Creating a BioMol Object from Scratch#

In this tutorial, you will:

  • Understand the role of BioMol as a unified container for molecular structures.

  • Learn how to define and organize atom, residue, and chain features.

  • Instantiate a BioMol object and explore its basic access patterns.

Importing Modules#

To create a BioMol instance, you will:

  1. Define features for atoms, residues, and chains.

  2. Build feature containers for each level.

  3. Create an index table to establish hierarchical relationships.

Let’s begin by importing the necessary modules:

import numpy as np

from biomol import BioMol
from biomol.core import EdgeFeature, FeatureContainer, IndexTable, NodeFeature

Defining Features#

Next, define features—such as element symbols or custom flags—for atoms, residues, and chains. Use NodeFeature for node-associated features or EdgeFeature for edge-associated features.

For edge features, the src_indices and dst_indices correspond to nodes in the container.

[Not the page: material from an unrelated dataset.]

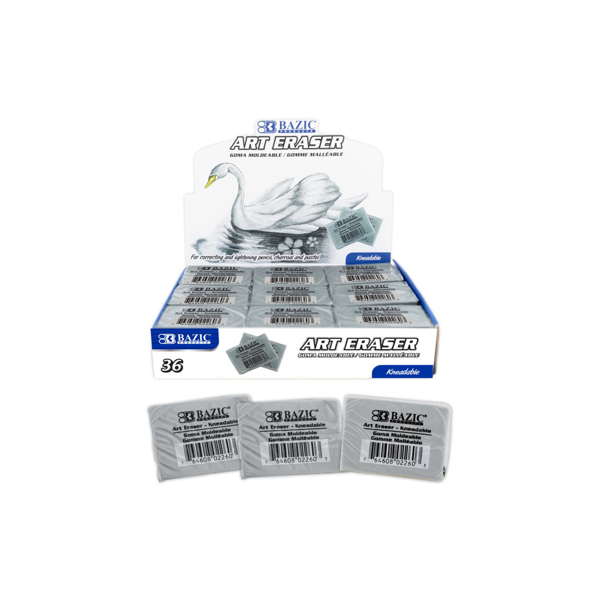 This moldable eraser can be easily shaped into various forms and sizes, providing precision for targeted erasing or blending tasks. You can mold it to suit your project's needs, with the eraser measuring 1.75 x 1.25 x 0.25 inches before shaping. Versatile in its use, it can blend, highlight, shade, smooth, and brighten sketches and drawings, making it suitable for graphite, charcoal, and colored pencils. It's perfect for artists, illustrators, designers, and more. The eraser is self-cleaning—simply pull and knead the dirty parts until the eraser absorbs them, ensuring repeated use without leftover residue for every project. Designed to be non-abrasive, this kneaded eraser removes and lightens marks cleanly without damaging the paper, making it ideal for delicate art projects and intricate sketches. Each pack includes 36 erasers.
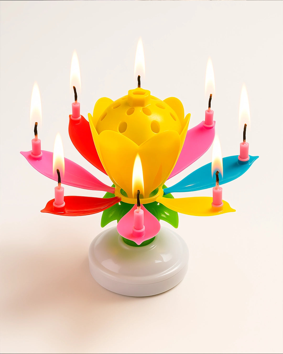 ¡Una explosión de color, música y sorpresa que transforma cualquier pastel en una experiencia digna de recordar! En forma de flor de loto, con pétalos multicolor que se abren lentamente y revelan una vela central encendida. Un show visual que roba sonrisas.

atom_positions = NodeFeature(
    value=np.array(
        [
            [0.0, 0.0, 0.0],
            [1.4, 0.0, 0.0],
            [1.4, 1.4, 0.0],
            [0.0, 1.4, 0.0],  # ALA-1
            [2.8, 0.0, 0.0],
            [4.2, 0.0, 0.0],
            [4.2, 1.4, 0.0],
            [2.8, 1.4, 0.0],  # GLY-2
            [5.6, 0.0, 0.0],
            [7.0, 0.0, 0.0],
            [7.0, 1.4, 0.0],
            [5.6, 1.4, 0.0],  # ALA-3
        ],
    ),
)

atom_names = NodeFeature(
    value=np.array(["N", "CA", "C", "O"] * 3),
)

atom_bond = EdgeFeature(
    value=np.array(
        [
            "covalent",
            "covalent",
            "covalent",
            "covalent",
            "covalent",
            "covalent",
            "covalent",
            "covalent",
            "covalent",
            "covalent",
            "covalent",
        ],
    ),
    src_indices=np.array([0, 1, 2, 2, 4, 5, 6, 6, 8, 9, 10]),
    dst_indices=np.array([1, 2, 3, 4, 5, 6, 7, 8, 9, 10, 11]),
)
residue_ids = NodeFeature(value=np.array([1, 2, 3]))
residue_names = NodeFeature(value=np.array(["ALA", "GLY", "ALA"]))
chain_ids = NodeFeature(value=np.array(["A"]))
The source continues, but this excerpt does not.